PROBLEM DESCRIPTION |
Extract every record, exactly as written, and ignore the pictures.

━━ THE DATA

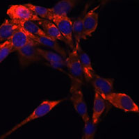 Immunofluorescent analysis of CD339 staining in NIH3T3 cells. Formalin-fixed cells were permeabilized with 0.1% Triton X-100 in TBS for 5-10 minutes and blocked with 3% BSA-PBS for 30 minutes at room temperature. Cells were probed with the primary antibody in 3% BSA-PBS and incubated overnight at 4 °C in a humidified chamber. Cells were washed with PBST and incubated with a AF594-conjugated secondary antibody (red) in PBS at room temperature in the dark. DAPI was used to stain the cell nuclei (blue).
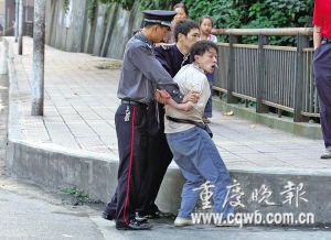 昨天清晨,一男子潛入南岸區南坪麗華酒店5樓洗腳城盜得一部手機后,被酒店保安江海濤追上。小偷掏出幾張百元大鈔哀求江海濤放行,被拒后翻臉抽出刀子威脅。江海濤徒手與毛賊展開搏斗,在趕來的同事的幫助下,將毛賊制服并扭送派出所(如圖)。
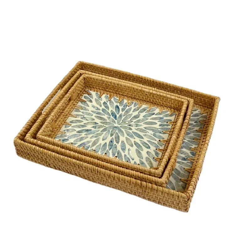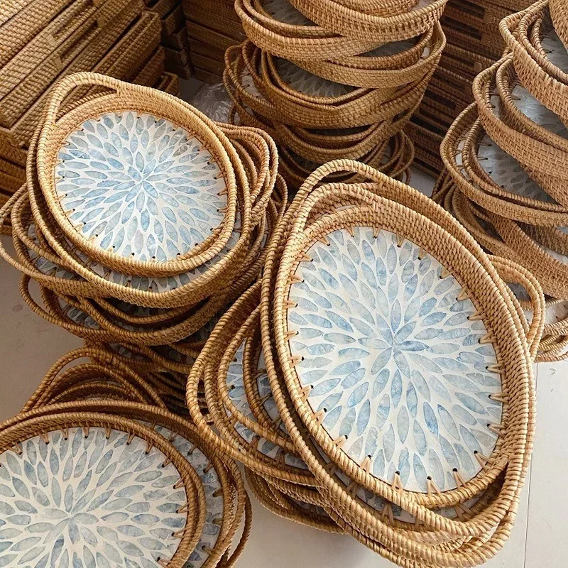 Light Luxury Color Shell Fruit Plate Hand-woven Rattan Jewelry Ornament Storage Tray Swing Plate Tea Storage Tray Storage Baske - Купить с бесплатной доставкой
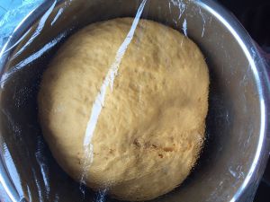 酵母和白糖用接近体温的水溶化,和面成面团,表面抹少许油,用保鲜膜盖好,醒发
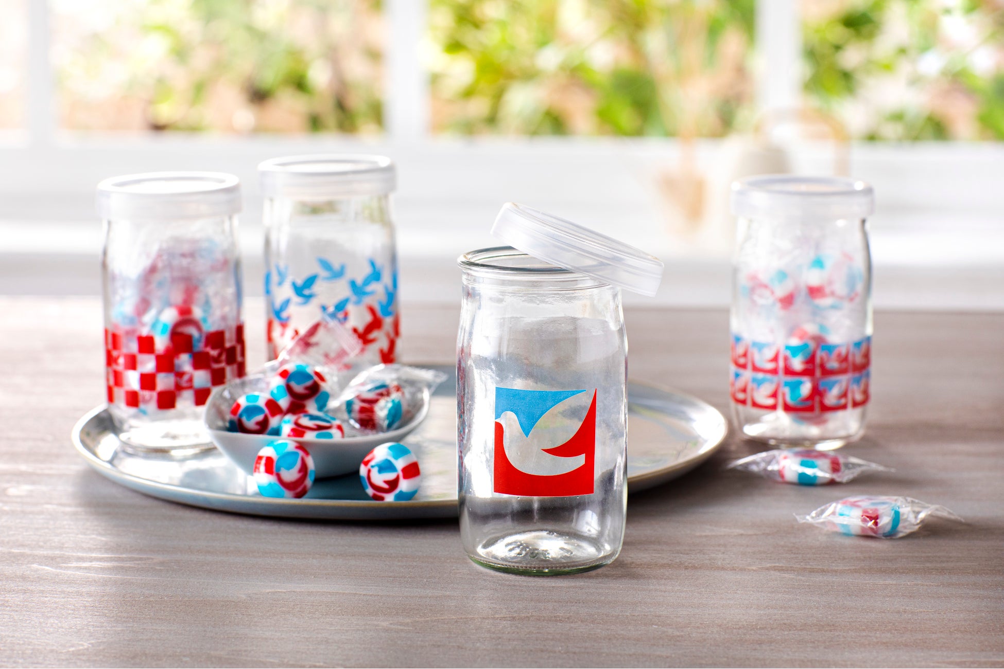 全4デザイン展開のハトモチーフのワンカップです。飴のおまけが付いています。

━━━━

RESPONSE |
 Immunofluorescent analysis of CD339 staining in NIH3T3 cells. Formalin-fixed cells were permeabilized with 0.1% Triton X-100 in TBS for 5-10 minutes and blocked with 3% BSA-PBS for 30 minutes at room temperature. Cells were probed with the primary antibody in 3% BSA-PBS and incubated overnight at 4 °C in a humidified chamber. Cells were washed with PBST and incubated with a AF594-conjugated secondary antibody (red) in PBS at room temperature in the dark. DAPI was used to stain the cell nuclei (blue).
 昨天清晨,一男子潛入南岸區南坪麗華酒店5樓洗腳城盜得一部手機后,被酒店保安江海濤追上。小偷掏出幾張百元大鈔哀求江海濤放行,被拒后翻臉抽出刀子威脅。江海濤徒手與毛賊展開搏斗,在趕來的同事的幫助下,將毛賊制服并扭送派出所(如圖)。
 Light Luxury Color Shell Fruit Plate Hand-woven Rattan Jewelry Ornament Storage Tray Swing Plate Tea Storage Tray Storage Baske - Купить с бесплатной доставкой
 酵母和白糖用接近体温的水溶化,和面成面团,表面抹少许油,用保鲜膜盖好,醒发
 全4デザイン展開のハトモチーフのワンカップです。飴のおまけが付いています。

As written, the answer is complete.